Laporan Bank Dunia yang berjudul Indonesia: Unlocking Businesses’ Tax Potential for Growth dan dirilis pada Juli 2026 menunjukkan bahwa perusahaan yang memiliki akses terhadap kredit atau pinjaman bank memiliki tingkat kepatuhan pajak penghasilan (PPh) badan sekitar 17 poin persentase lebih tinggi dibandingkan perusahaan yang tidak memiliki akses terhadap pembiayaan formal.
Selain itu, kepemilikan rekening tabungan juga berkorelasi positif dengan tingkat kepatuhan pajak. Perusahaan yang memiliki rekening bank tercatat mempunyai tingkat kepatuhan sekitar 13 poin persentase lebih tinggi dibandingkan perusahaan yang tidak menggunakan layanan perbankan formal.
Bank Dunia menjelaskan bahwa sistem keuangan formal menghasilkan jejak transaksi yang dapat diverifikasi (verifiable financial trail). Dengan demikian, otoritas pajak dapat lebih mudah melakukan pencocokan data sehingga ruang bagi perusahaan untuk menyembunyikan penghasilan menjadi semakin sempit.

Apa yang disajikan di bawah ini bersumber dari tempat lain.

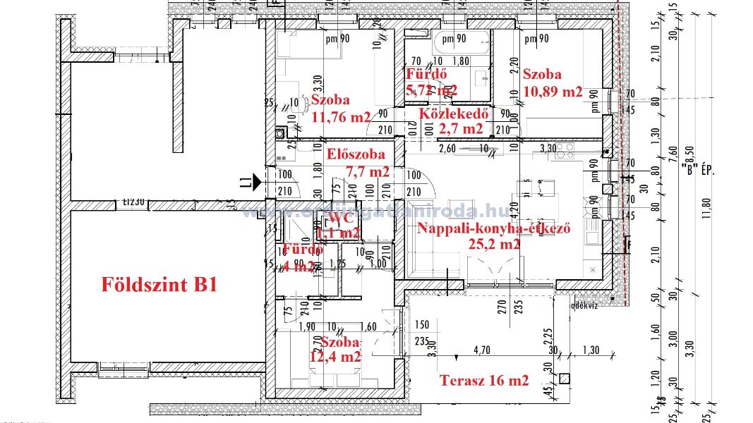 B4-es lakás. 2 szoba + nappali, 57,84 m2 (+13,1 m2 erkély). 75,9 Millió Ft (+ garázs 3 Millió vagy nyílt parkoló 2 Millió)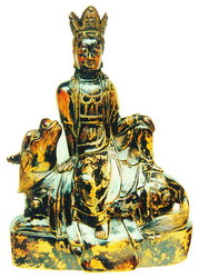 细细端详此佛,她以一种完全贴近平民化的无拘坐姿,侧骑于一卧伏的天禄(又称辟邪)之背。一手扶搭于随意跷搁在兽背的左膝上,一手支撑于骑兽的项脊。顶挽宝瓶形发髻,头戴化佛天冠,两绺秀发长垂过胸。微裸的上身悬荡数串珍珠璎珞,轻盈飘动的天衣从双肩披落至脚踝,右腿自兽背轻轻滑落,跣足触踏于地。脸上泛起纯洁无邪的微笑与若有所悟的会心,交织出慈悲菩萨特有的表情。其微阖的眼帘,令凡尘俗辈们难以洞察出隐藏于内的一双慧眼是多么的深邃与明亮。这动静相济的观音造型,既显示出华夏良母贤妻形女性柔美多姿的风韵,又不失观音菩萨的沉稳与庄严。观音座下那头独角、鹿身、马尾的瑞兽天禄,取仰首回望之势,与其上菩萨桴鼓相应,似已彻悟了观音菩萨镇恶送吉、普渡众生的禅意。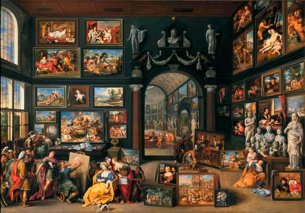 В одной статье я рассказывала историю о том, Как Александр Македонский влюбился в картину. В этой статье, среди многих прочих, была показана картина фламандского художника эпохи барокко Виллема ван Хахта "Александр Великий в мастерской Апеллеса". Виллем ван Хахт. Александр Великий в мастерской Апеллеса, ок. 1628 Картина меня заинтересовала, и мне захотелось узнать о ней побольше. Оставим в стороне сюжет, который взял художник за основу ( о нем можно прочитать в упомянутой мной статье), а поговорим о самой картине. Подобные картины были очень популярны в 17 столетии в Антверпене. Художники на своих картинах изображали собрания картин, скульптур и других произведений искусства. И назывались такие картины "кунсткамеры". Виллем ван Хахт создал несколько таких картин. Одна из них та, что мы сейчас видим. Перед нами как бы изображена мастерская древнегреческого живописца Апеллеса, в которой он работает над своей картиной . Но это, конечно, совсем не так. Ведь полотна, висящие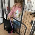 Endlich fand der Umzug ins Welpenzimmer statt! Die 1-Raum-Wohnung wurde langsam zu klein und es wurde Zeit den Horizont zu erweitern. Immerhin sind die Welpen jetzt schon 4 Wochen alt. Nach so vielen Eindrücken des Tages schlafen Mrs. Pink und Mrs. Gelb auch gerne mal im Futternapf ein. Das Welpenklo mit Strohpellets wurde gleich mit aufgestellt und es wird sehr gut angenommen. Zumindest beim großen Geschäft geht kaum noch etwas daneben. Mrs. Rot macht von Tag 1 an vor wie es geht. Unglaublich - egal in welcher Ecke des Raumes sie sich befindet, sie watschelt immer brav auf Toilette wenn sie mal muss, sogar nachts. Die Strohpellets sind klasse - es riecht hier zwar jetzt nicht mehr nach Urin, dafür nach Kaninchenstall :-) Scheint niemanden zu stören, insbesondere Mama Emma säugt und spielt mit den Kleinen gerne auch mal im Klo. Prima Geschichte :-).

Meskipun demikian, Indonesia masih menghadapi tantangan dalam memperdalam sektor keuangan. Hal ini disebabkan oleh tingkat simpanan sektor keuangan terhadap produk domestik bruto (PDB) yang masih relatif rendah selama lebih dari dua dekade terakhir jika dibandingkan dengan Brasil, India, Meksiko, dan Filipina.
Sumber : Harian Kontan, Rabu 29 Juli 2026 Halaman 2.